Newsletters - eagerness kills the sale
July 7th, 2004 by Bill
I’ve been working with online newsletters for a while now and I have found one of the biggest mistakes you can make is to be overly eager in your writing. By this I mean the use of what has become known as marketing "happy-talk." It’s not just language though; sometimes it’s punctuation and the use of case.
For the newsletters I work on I am both a writer and editor. I put together some material and in other cases I edit what others have submitted. The editing often involves removing exclamation marks (!) and changing uppercase to lower. In other words, I tone down the eagerness of what has been written because it comes across as overkill - or oversell, to be more precise.
As for language, often the overly eager want to pepper their sentences with modifiers - the best, the greatest, the newest and all that other hooey that not only do the readers not want or need, but sends signals to them that there is a lack of content in the newsletter item (whether that is true or not).

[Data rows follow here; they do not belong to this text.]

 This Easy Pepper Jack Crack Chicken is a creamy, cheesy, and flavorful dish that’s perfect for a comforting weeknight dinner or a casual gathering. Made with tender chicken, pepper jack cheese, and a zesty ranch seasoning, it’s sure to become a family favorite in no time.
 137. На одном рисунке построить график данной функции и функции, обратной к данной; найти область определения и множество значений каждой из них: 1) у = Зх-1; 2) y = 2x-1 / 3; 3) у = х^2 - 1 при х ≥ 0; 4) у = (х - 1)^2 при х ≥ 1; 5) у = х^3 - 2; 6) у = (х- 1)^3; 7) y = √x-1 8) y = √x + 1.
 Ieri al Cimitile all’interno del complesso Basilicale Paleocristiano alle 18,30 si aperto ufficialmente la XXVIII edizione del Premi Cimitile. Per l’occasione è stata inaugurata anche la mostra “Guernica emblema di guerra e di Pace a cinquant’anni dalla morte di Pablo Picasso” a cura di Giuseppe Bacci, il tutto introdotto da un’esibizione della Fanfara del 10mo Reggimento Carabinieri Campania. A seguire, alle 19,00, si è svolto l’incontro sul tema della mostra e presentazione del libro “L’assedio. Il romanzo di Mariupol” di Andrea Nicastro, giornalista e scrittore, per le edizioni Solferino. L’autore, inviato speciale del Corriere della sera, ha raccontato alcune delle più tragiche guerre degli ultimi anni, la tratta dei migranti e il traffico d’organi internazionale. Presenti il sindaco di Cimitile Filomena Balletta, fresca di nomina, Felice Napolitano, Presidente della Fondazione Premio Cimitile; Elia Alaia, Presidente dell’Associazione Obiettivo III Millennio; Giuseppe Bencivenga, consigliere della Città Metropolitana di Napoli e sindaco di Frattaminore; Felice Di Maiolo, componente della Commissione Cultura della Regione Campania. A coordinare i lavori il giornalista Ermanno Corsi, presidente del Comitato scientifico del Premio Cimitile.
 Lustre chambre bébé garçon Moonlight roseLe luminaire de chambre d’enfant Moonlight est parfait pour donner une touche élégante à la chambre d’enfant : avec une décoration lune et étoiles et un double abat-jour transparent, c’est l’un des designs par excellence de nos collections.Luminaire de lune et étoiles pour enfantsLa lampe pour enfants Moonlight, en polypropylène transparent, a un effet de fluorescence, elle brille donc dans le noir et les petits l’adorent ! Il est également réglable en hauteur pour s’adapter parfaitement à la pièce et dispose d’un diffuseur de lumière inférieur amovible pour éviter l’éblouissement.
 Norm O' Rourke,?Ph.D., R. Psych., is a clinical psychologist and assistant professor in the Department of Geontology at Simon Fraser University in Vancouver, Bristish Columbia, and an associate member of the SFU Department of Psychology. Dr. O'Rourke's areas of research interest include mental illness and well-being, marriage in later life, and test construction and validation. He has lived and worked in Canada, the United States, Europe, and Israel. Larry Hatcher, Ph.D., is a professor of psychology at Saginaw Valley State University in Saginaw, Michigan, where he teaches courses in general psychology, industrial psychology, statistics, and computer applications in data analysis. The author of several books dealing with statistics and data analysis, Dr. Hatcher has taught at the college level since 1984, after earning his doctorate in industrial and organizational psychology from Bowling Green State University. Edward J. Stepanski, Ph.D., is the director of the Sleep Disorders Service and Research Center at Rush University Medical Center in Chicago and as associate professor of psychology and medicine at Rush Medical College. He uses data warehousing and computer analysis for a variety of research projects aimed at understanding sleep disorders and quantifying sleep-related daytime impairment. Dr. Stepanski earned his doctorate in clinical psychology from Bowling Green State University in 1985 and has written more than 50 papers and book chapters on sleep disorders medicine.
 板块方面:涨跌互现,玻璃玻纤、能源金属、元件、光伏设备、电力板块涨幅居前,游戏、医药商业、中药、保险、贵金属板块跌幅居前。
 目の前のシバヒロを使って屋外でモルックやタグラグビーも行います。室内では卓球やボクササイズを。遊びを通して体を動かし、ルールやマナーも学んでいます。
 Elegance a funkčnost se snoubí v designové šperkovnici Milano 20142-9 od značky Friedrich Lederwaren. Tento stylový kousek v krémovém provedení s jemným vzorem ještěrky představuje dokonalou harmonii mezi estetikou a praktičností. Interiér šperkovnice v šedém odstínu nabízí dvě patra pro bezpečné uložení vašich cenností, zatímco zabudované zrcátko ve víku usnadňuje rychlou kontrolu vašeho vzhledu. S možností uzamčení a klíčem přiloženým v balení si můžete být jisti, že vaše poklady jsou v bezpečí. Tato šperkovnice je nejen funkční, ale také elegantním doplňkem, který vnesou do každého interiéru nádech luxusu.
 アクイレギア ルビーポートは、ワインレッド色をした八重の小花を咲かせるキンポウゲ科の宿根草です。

I’m not saying anything new here. It’s been written about many times and expressed in better than ways than I am doing. But at the heart of it is what I think is an over-eagerness that comes across as an almost desperate plea to, "Please buy what I’m trying to sell." And this is inevitably a turn off.
The best approach is not to be bland but to be helpful. The words can be creative if you forget about selling and simply try communicating - be conversational and friendly and, again, helpful. Provide information without hoopla. Show people how easy it is to buy. Consider them friends rather than potential sales.
Odds are you’ll end up selling a lot more.